Maar goed, dit stuk gaat over emoties verwerken. Ik moest mijn emoties en gevoelens opnieuw leren kennen, want ik kon het een niet altijd even goed van het ander onderscheiden. Er zat veel overlevingsgedrag op mijn emoties. Zo kan ik goed enorm de lolbroek uithangen en vrolijk zijn. Nu weet ik dat dat eigenlijk wil zeggen dat er groot verdriet wacht om geuit te worden. De vrolijkheid is een soort van afleidingsmanoeuvre, overlevingsstrategie, trauma gedrag. Ik reageer verdriet, boosheid enzovoort eerst enorm af op mijn omgeving, tot er geen weg meer terug is en ik wel in de spiegel en naar mijn eigen gevoelens en emoties moet kijken. Onder die emoties zit een grote behoefte en verlangen om gezien en erkend te worden voor wie ik ben. Als dat niet gebeurt, word ik boos, verdrietig, gefrustreerd of bitter. Als het wel gebeurt, geloof ik het eerst niet of verwacht ik dat de erkenning niet zonder meer is maar met een onderliggende agenda.
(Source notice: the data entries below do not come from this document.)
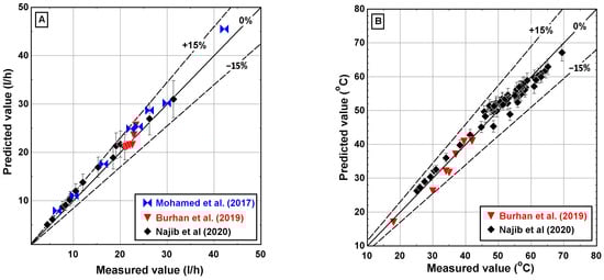 The experimental data generated from the V-MEME setup are used to validate the mathematical model. The validation results cover a wide range of operating conditions with maximum relative uncertainty for all variables, as specified in Table 3. BnR PLC was used to control the V-MEME unit and record process parameters except for the feed salinity. Feed salinity was measured manually using HANNA portable device. Figure 6 shows a comparison between experimental measurements and numerically predicted values of the mathematical model. Each data point denotes a unique operating condition specified in Table 3. Furthermore, the mathematical model results were also verified against Burhan’s results [27] and Mohamed’s results [9]. Generally, an excellent model-plant agreement is obtained. As shown in Figure 6A, the model-predicted distillate water production rate over the entire range of operating conditions is within a ±15 deviation band. The observed discrepancies may be attributed to three reasons: (i) knowledge of the mass and heat transfer processes in the spacer-filled channels, (ii) modeling assumptions, and (iii) fluctuation of recording parameters. As far as the predicted temperatures are concerned, they are in excellent agreement with the experimental measurements. The maximum model-plant discrepancy does not exceed the ±15 deviation band, as described in Figure 6B.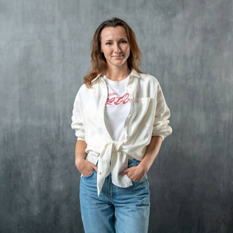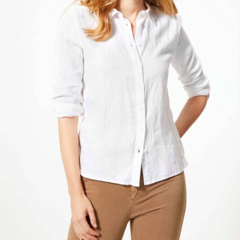 Блондинка в белоснежной рубахе.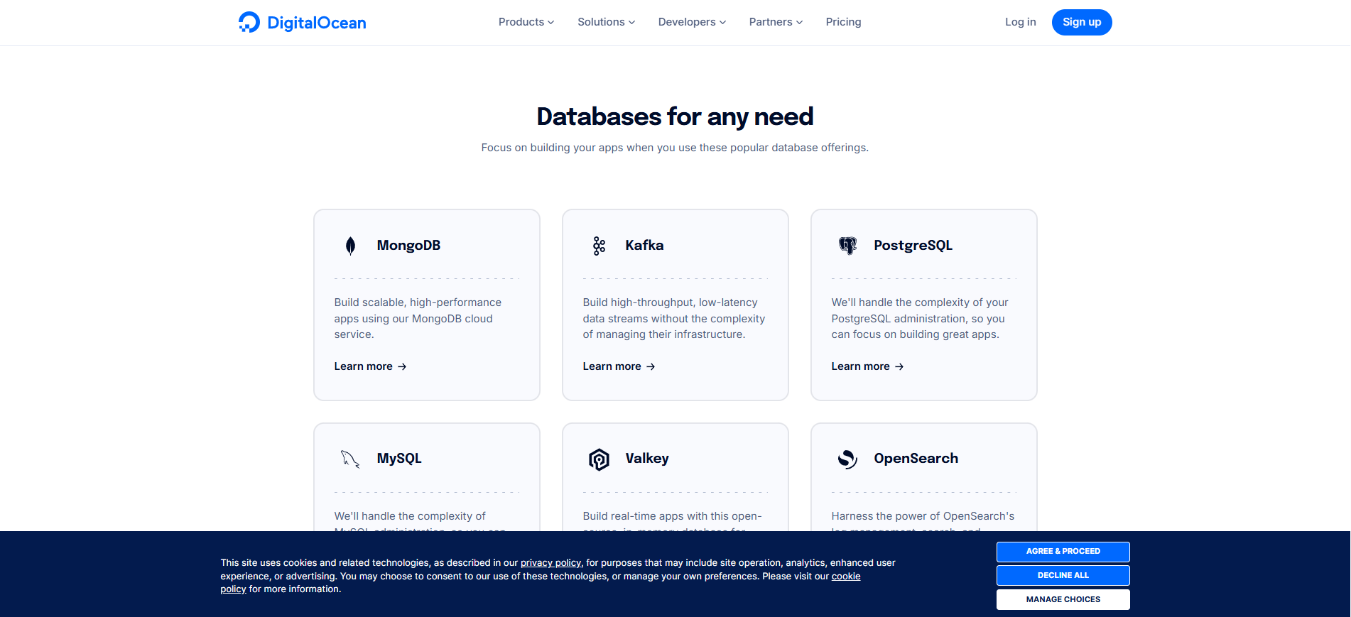 Ngoài Droplets và Kubernetes, DigitalOcean còn cung cấp các giải pháp lưu trữ và cơ sở dữ liệu chuyên biệt, giúp bạn xây dựng một hạ tầng hoàn chỉnh và linh hoạt.
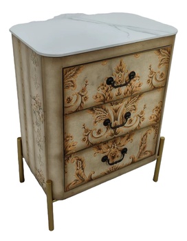 아름답게 새겨진 거실 가구 나무 골동품 3 서랍 캐비닛 대리석 탑

Ik ben geregeld heel heel boos geworden, in meerdere situaties en contexten, privé en werk gerelateerd. Dat was niet altijd even chique. Ik heb ooit baan gehad, die ik eigenhandig had in gericht en vorm had gegeven en die ik alleen en in mijn eentje bemande. Er was tegen mij gezegd: AldezAldez, je mag deze functie naar eigen inzicht optuigen en inkleden, zoals jij dat wil. Dat had ik me geen twee keer laten zeggen. Het vormde geen probleem, behalve tijdens verlof. Ik had een minutieuze handleiding gemaakt, zodat de vervanger alleen maar op mijn stoel hoefde te gaan zitten en mijn handleiding volgen. Dan bleef het draaien als was ik er wel. Ik had er niet op gerekend dat iemand die tijdelijk op mijn stoel zat, de hele boel voor die drie weken op zijn manier zou doen. Dat was niet de bedoeling geweest van mijn handleiding. Nu moest ik na mijn verlof alles terug gaan zetten op mijn manier. Daar was ik enorm boos over en heb ik laten weten ook. In plaats van dat de vervanger op zijn sodemieter kreeg dat hij de handleiding niet had gevolgd, kreeg ik de volle laag omdat ik boos was geweest. Dat vond ik toen zo geweldig oneerlijk. Ik zou zelf namelijk blij zijn met de handleiding, want dan kon ik ervoor zorgen dat ik als vervanger de boel draaiende kon houden zoals de ander het het heel jaar door doet. Het is alweer een heel tijd geleden. IK geloof niet dat ik er nog zo strak in zou staan als toen. Ik zou het niet meer zo belangrijk vinden. Al blijf ik wel van mening dat als je iemand vervangt dan niet aan zijn systeem gaat zitten rommelen. Ik werd overigens op een bepaalde manier wel in mijn gelijk gesteld, toen collega’s mij een aantal weken na mijn verlof zeiden dat het nu weer op rolletjes liep in vergelijk met toen ik met vakantie was.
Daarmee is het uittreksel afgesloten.